76 changes: 76 additions & 0 deletions projects/drive-judge-harness/slices/run-fidelity/spec.md
Original file line number Diff line number Diff line change
@@ -0,0 +1,76 @@
# Slice: run-fidelity

_Parent project `projects/drive-judge-harness/`. Outcome this slice contributes: the harness records a **faithful** run — correct `agent_id`, a real wall-clock signal, and a trace set scoped to what the run actually emitted — so the corpus the judge calibrates against and the A/B engine ranks on isn't polluted or blank.
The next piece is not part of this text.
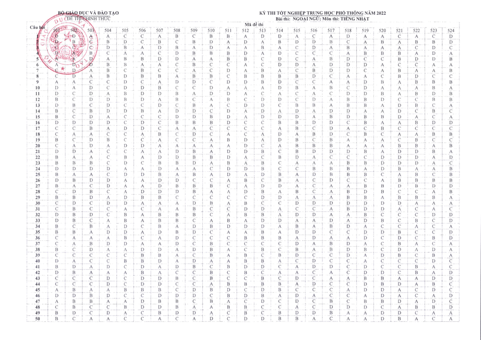 Đáp án Chính thức Đề thi tiếng Nhật THPT Quốc Gia 2022
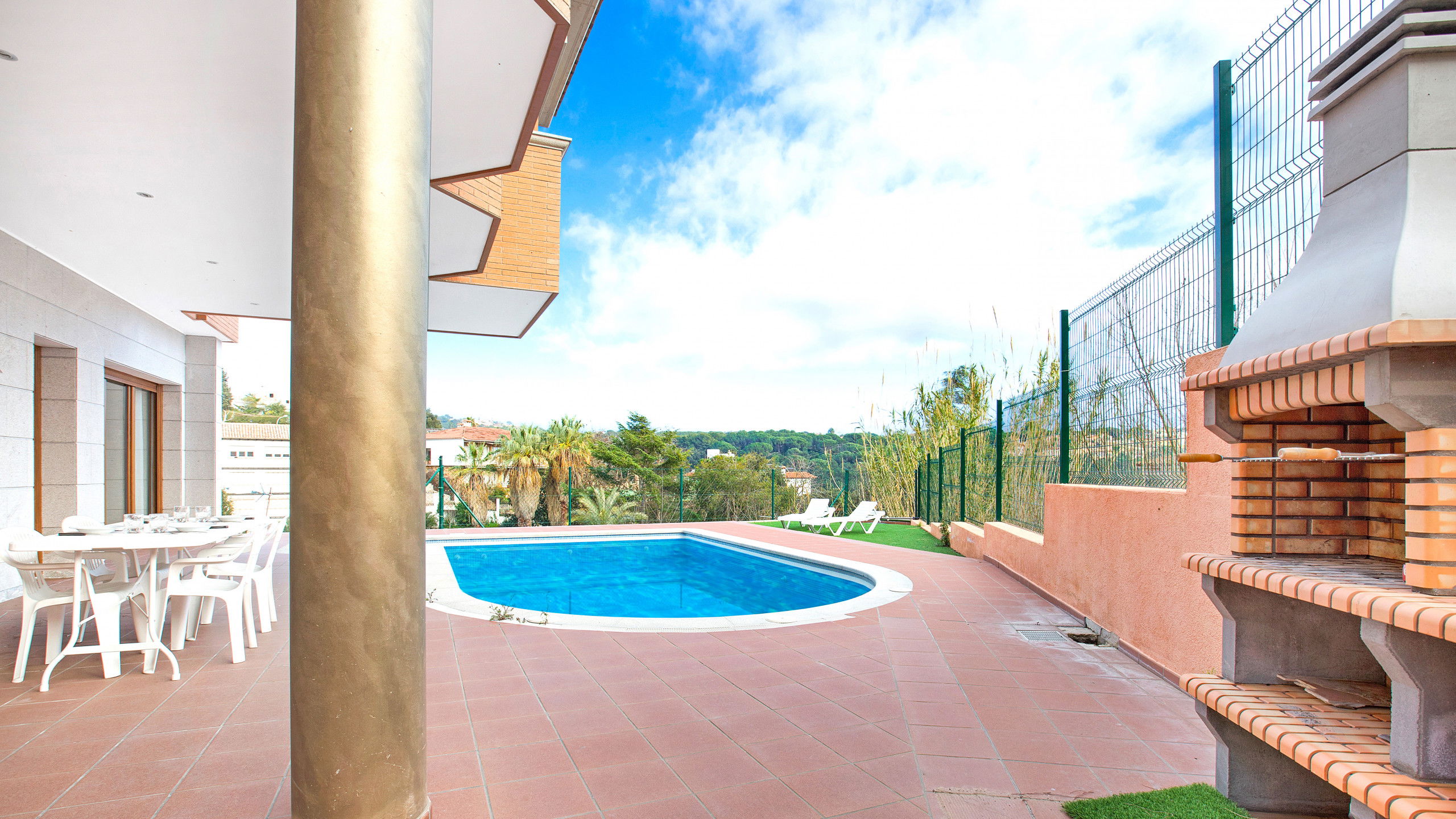 Nice house, located in Lloret de Mar. Only 1.5 km from the beach and the center of town, just 10km from Tossa de Mar, near all services. The 300m2 house is on two separate floors. Upstairs there is a spacious living room (TV, satellite) with fully equipped kitchenette (microwave, dishwasher, washing machine). Two double bedrooms, one with twin beds (90x190cm) and another with double bed (150x190cm) (suite with shower), plus a bathroom with shower. Downstairs there is another living room (TV), kitchen (microwave, dishwasher, washing machine) with dining area and exit to the outside area. A double room with double bed (150x190cm) (suite with shower), plus a bathroom with shower. In the outdoor area there is a private pool with terrace, bathroom and barbecue of work. A/C and heating optional. Extra price for using it 150€/week.

Fixes the three fidelity defects the first live `run-arm` exposed._

## At a glance

The first live run (composer-2.5, i12-halt) proved the pipeline but mis-recorded the run: `agent_id: null`, `tokens` all-zero, and `collected_trace_paths` containing 5 pre-existing committed traces from the base checkout plus 1 real one. This slice fixes the recordable defects and honestly documents the one that isn't recordable:

- **`agent_id`** is read from the stream `status` message (where the local runtime actually puts it), not the `wait()` outcome.
- **Wall-clock** (`durationMs` from the outcome) is captured as `wall_clock_ms` — the primary Tier-2 efficiency metric, since tokens are unavailable.
- **`collect-run`** returns only traces *emitted during the run*, not every schema-valid `.jsonl` in the checkout.
- **Tokens** stay `null` for local runs with an explicit note + documented SDK limitation (spike `2026-05-31-sdk-token-usage-retrieval.md`).

## Chosen design

Ground-truth shapes from the spike probe (`@cursor/sdk@1.0.15`, local runtime):
- stream `status` → `{ type:"status", agent_id, run_id, status }`
- stream `assistant` → `{ type:"assistant", agent_id, run_id, message }`
- outcome (`wait()`) → `{ id, status, result, model, durationMs }` (no `agent_id`, no tokens)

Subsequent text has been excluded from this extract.